Paul Ryan began the most anticipated address of the Republican National Convention with a biographical soliloquy that referenced his factory-town roots in Janesville.
“President Barack Obama came to office during an economic crisis, as he has reminded us a time or two. Those were very tough days, and any fair measure of his record has to take that into account. My home state voted for President Obama. When he talked about change, many people liked the sound of it, especially in Janesville, where we were about to lose a major factory,” Ryan told the convention.
“A lot of guys I went to high school with worked at that GM plant. Right there at that plant, candidate Obama said: 'I believe that if our government is there to support you … this plant will be here for another hundred years.’ That’s what he said in 2008,” continued Ryan. “Well, as it turned out, that plant didn’t last another year.”
True. Obama spoke the words that Ryan quoted. But Ryan’s clear suggestion that Obama — or his policies — had something to do with the plant closure was a lie.
The government that was not there to support the Janesville workers was the administration of George W. Bush. GM announced and implemented the closure of the plant during Bush’s presidency.

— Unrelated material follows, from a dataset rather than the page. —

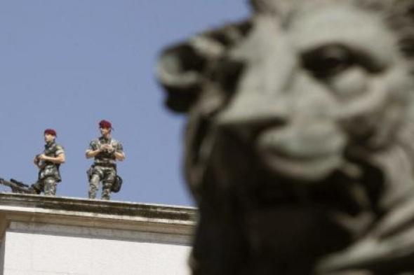 Un miembro del los GEO vigila desde la azotea del Congreso.

When a newly elected President Obama rushed to save the domestic auto industry, and perhaps to renew the prospects of shuttered plants like the one in Janesville, the man whose campaign Ryan is now propping up wrote an op-ed titled: “Let Detroit (and, presumably Janesville) Go Bankrupt.”
And since we’re on the subject of government failing the workers in Paul Ryan’s hometown, surely it is relevant to bring up the congressman’s repeated votes for free-trade agreements that members of Janesville’s United Auto Workers Local 95 warned would undermine and ultimately shutter their workplace.

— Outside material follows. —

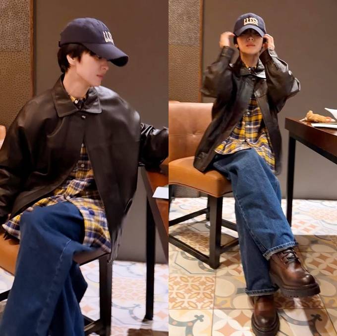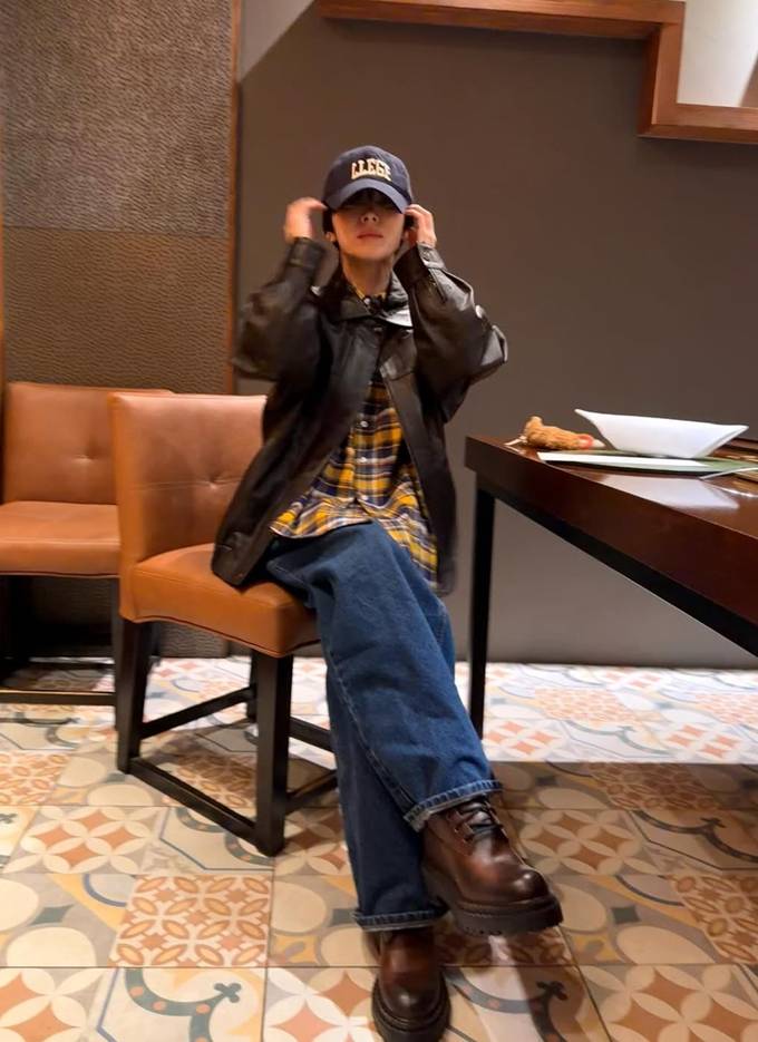 공개한 사진에서 송혜교는 옐로와 네이비 체크 셔츠와 일자 와이드 데님 팬츠를 입고 여유로운 실루엣의 레더 재킷을 걸친 외출룩으로 모던하면서도 보이시한 데이트룩을 완성했다.

A man who would use his hometown as a prop and then try to deceive the country about the causes of its circumstance has a certain appeal to Republican delegates who cut their political teeth making the case for trickle-down economics and weapons of mass destruction in Iraq.
But Wisconsinites, at least those who can remember 2008, will not believe him.
Nor should discerning voters in the rest of the republic.